── Dataset ──
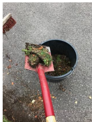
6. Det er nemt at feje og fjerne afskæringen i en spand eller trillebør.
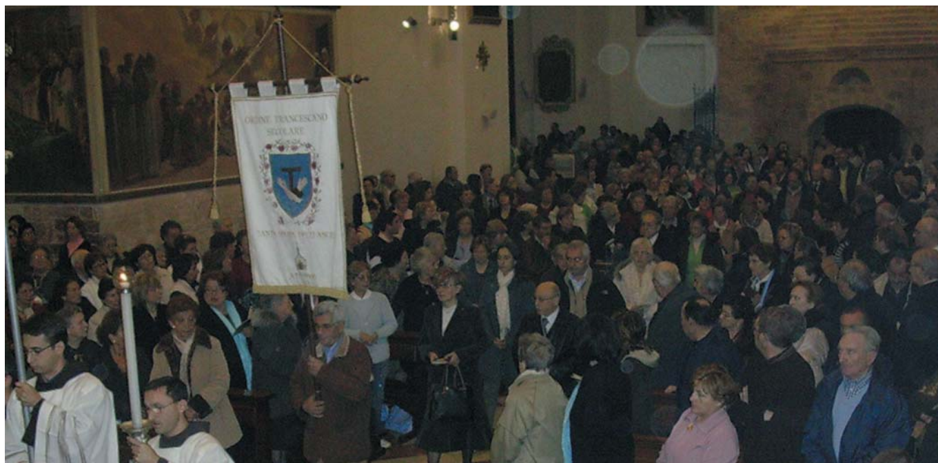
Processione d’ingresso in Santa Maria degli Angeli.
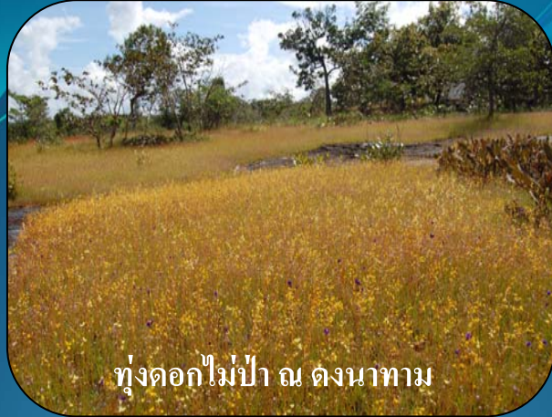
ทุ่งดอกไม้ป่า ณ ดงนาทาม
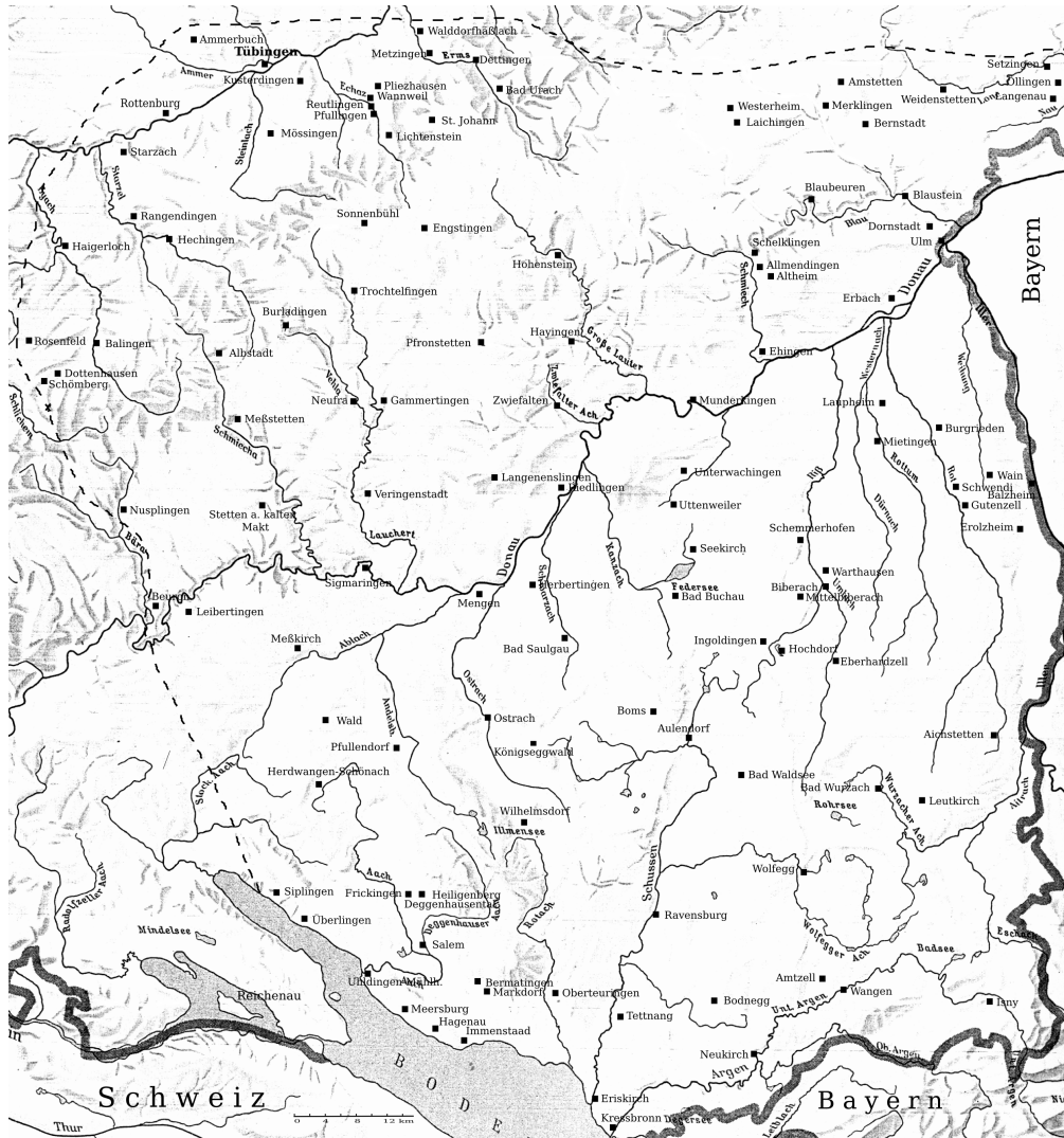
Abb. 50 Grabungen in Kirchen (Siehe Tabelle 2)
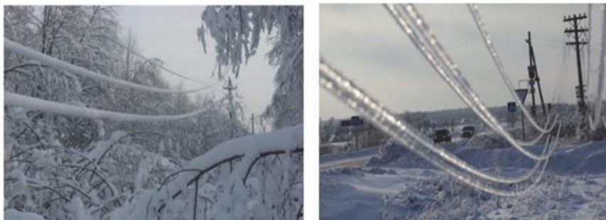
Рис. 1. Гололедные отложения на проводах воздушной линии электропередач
───
The required output is every line from the one containing "Processione d’ingresso in" through the last line of the records, inclusive, reproduced exactly and without pictures.

Processione d’ingresso in Santa Maria degli Angeli.
ทุ่งดอกไม้ป่า ณ ดงนาทาม
Abb. 50 Grabungen in Kirchen (Siehe Tabelle 2)
Рис. 1. Гололедные отложения на проводах воздушной линии электропередач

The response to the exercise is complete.